#### WORK REQUIRED:
Only the lines from the start of the data to the line containing "A Wedgwood earthenware", both included, should be output, exactly and without pictures.

#### RAW DATA:
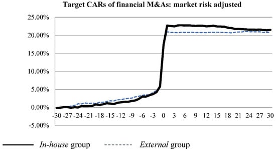 We then plot the target cumulative abnormal returns in Figure 2. The average target CARs are 20% to 25%. Unlike acquirer abnormal returns, there is no persistent difference in target abnormal returns between the in-house and the external groups.
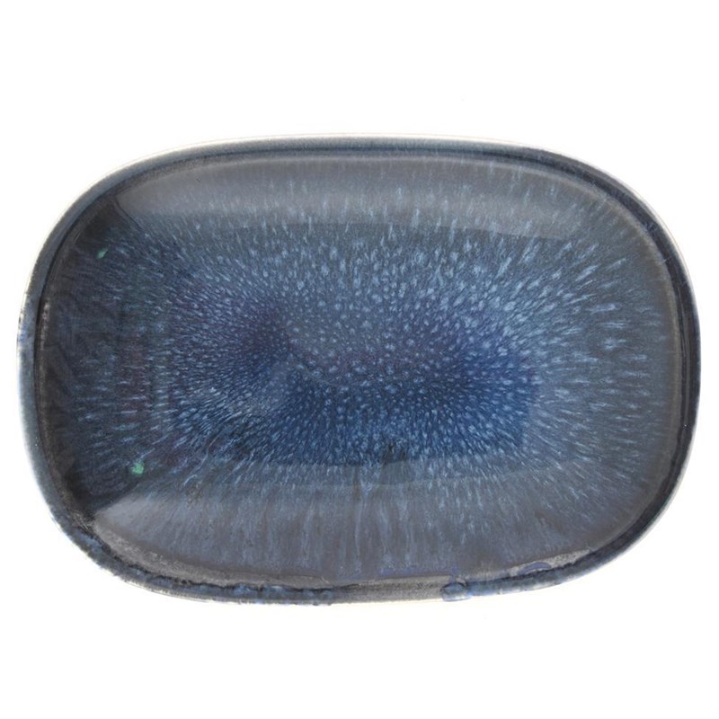 A Wedgwood earthenware tray, by Norman Wilson, mottled blue glaze to interior, the exterior matt mushroom, indistinct impressed marks 17cm. wide
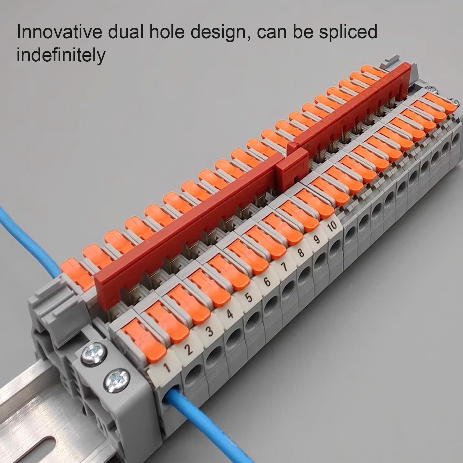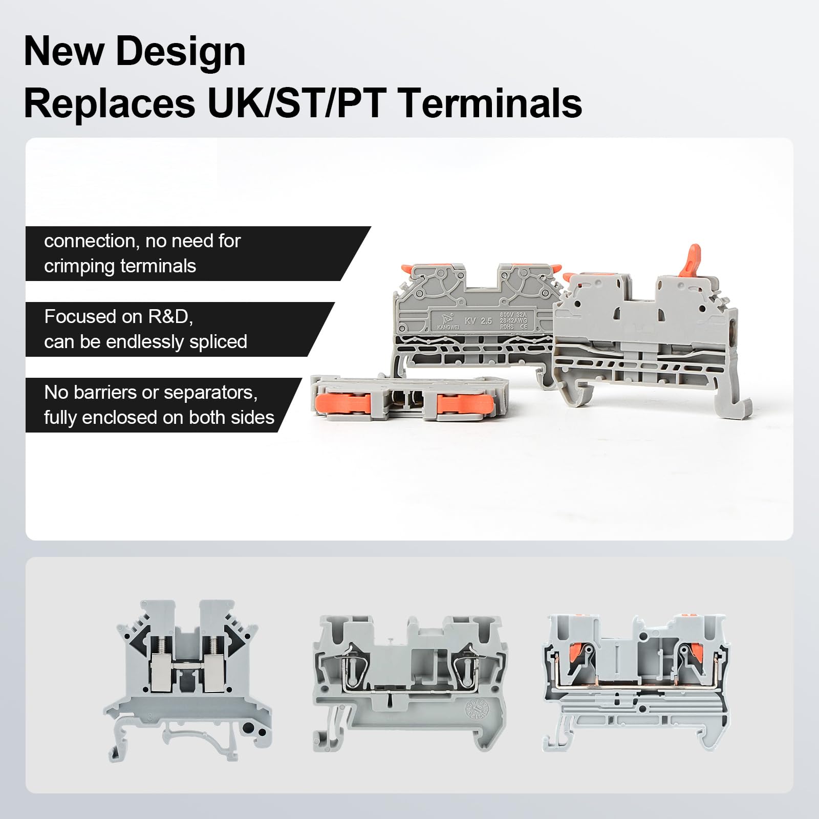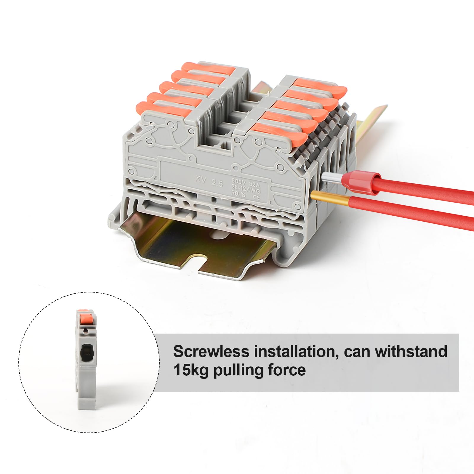 50Pcs KV2.5 Terminal Blocks, 28-12 AWG Compact Wire Conductor Connectors, DIN Rail Mounted, CE Certified Upgrade your electrical wiring with the GUETNEU 50Pcs KV2.5 Terminal Blocks, designed to deliver superior performance and safety in a variety of electrical applications. These compact and durable terminal blocks are perfect for use in industrial, residential, and commercial wiring systems. Key Features: High-Quality Construction Crafted from premium PA66 material, these terminal blocks provide excellent electrical insulation and exceptional heat resistance. Despite their lightweight design, they are built to withstand wear and aging, ensuring a longer service life. Safety First Featuring a V-0 flame retardant rating, these terminal blocks help prevent damage caused by electrical fires, offering you peace of mind and enhanced safety. CE and ROHS certifications confirm the product’s compliance with stringent international standards, ensuring both safety and environmental responsibility. Clear and Easy Identification The surface of each terminal block is clearly printed with essential details such as the model (KV2.5), voltage (800V), current (32A), and compatible wire gauge (28-12 AWG). This easy-to-read labeling helps you select the right terminal block for your specific needs. Versatile Applications Ideal for a wide range of electrical projects, these terminal blocks are commonly used in distribution panels, control systems, industrial automation, and household wiring. They are perfect for ensuring safe and reliable connections in power distribution systems, control boxes, frequency converters, and more. Whether you're working on industrial automation, home electrical installations, or appliance wiring, the GUETNEU KV2.5 Terminal Blocks offer a reliable, safe, and efficient solution for all your electrical needs. Get yours today for top-quality, secure connections!
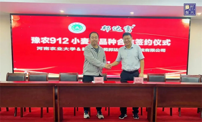 1月3日,在海南舉辦的河南省農(nóng)學(xué)會產(chǎn)業(yè)振興專委會第一屆第五次學(xué)術(shù)交流會上,河南農(nóng)業(yè)大學(xué)與新鄉(xiāng)市金苑邦達(dá)富農(nóng)業(yè)科技有限公司舉行了小麥新品系“豫農(nóng)912”合作簽約儀式。參加會議的河南省農(nóng)業(yè)農(nóng)村廳有關(guān)領(lǐng)導(dǎo)、行業(yè)專家、學(xué)者、種子企業(yè)代表共同見證“豫農(nóng)912”合作簽約。

#### RESPONSE TO THE EXERCISE:
 We then plot the target cumulative abnormal returns in Figure 2. The average target CARs are 20% to 25%. Unlike acquirer abnormal returns, there is no persistent difference in target abnormal returns between the in-house and the external groups.
 A Wedgwood earthenware tray, by Norman Wilson, mottled blue glaze to interior, the exterior matt mushroom, indistinct impressed marks 17cm. wide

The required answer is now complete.